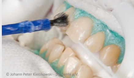
Power-Bleaching beim Zahnarzt: Auftragen des Bleaching-Gels

Wenn Sie die Praxis wieder verlassen, können Sie sich an sichtbar helleren Zähnen freuen!
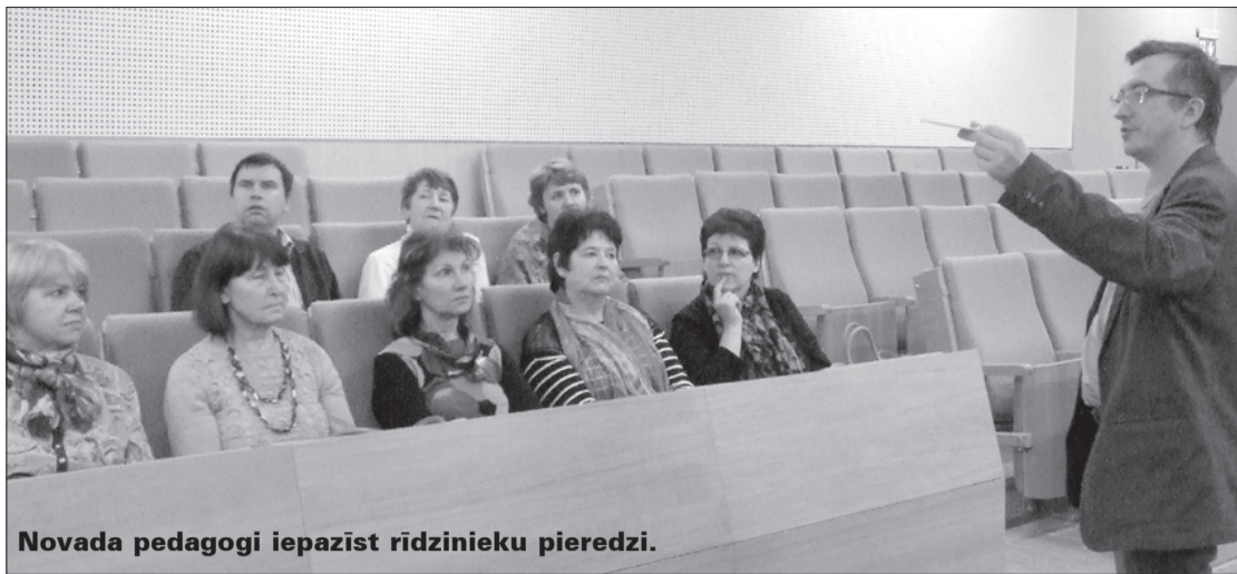
Novada pedagogi iepazīst rīdzinieku pieredzi.

Mūsu novada pedagogi apmeklēja arī AS "Grindeks" – vadošo zāļu ražotāju Baltijas valstīs – un iepazīnās ar mūsdienīgi moderno ražotni, mikrobioloģijas laboratorijām un procesu, kā tiek pārbau-
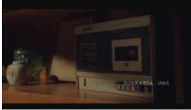
Gambar 25. Properti Radio FM
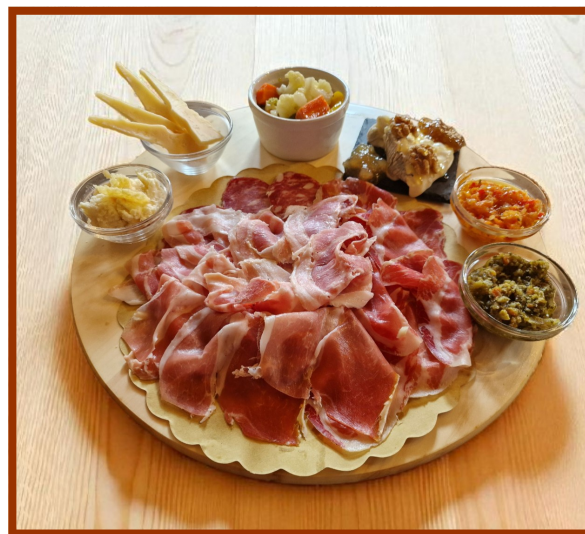
Il Gran Tagliere della Taverna
- - - -
_Task to complete_
Retype each of the entries above exactly as it appears, with no pictures.

_Expected answer_
Power-Bleaching beim Zahnarzt: Auftragen des Bleaching-Gels

Wenn Sie die Praxis wieder verlassen, können Sie sich an sichtbar helleren Zähnen freuen!
Novada pedagogi iepazīst rīdzinieku pieredzi.

Mūsu novada pedagogi apmeklēja arī AS "Grindeks" – vadošo zāļu ražotāju Baltijas valstīs – un iepazīnās ar mūsdienīgi moderno ražotni, mikrobioloģijas laboratorijām un procesu, kā tiek pārbau-
Gambar 25. Properti Radio FM
Il Gran Tagliere della Taverna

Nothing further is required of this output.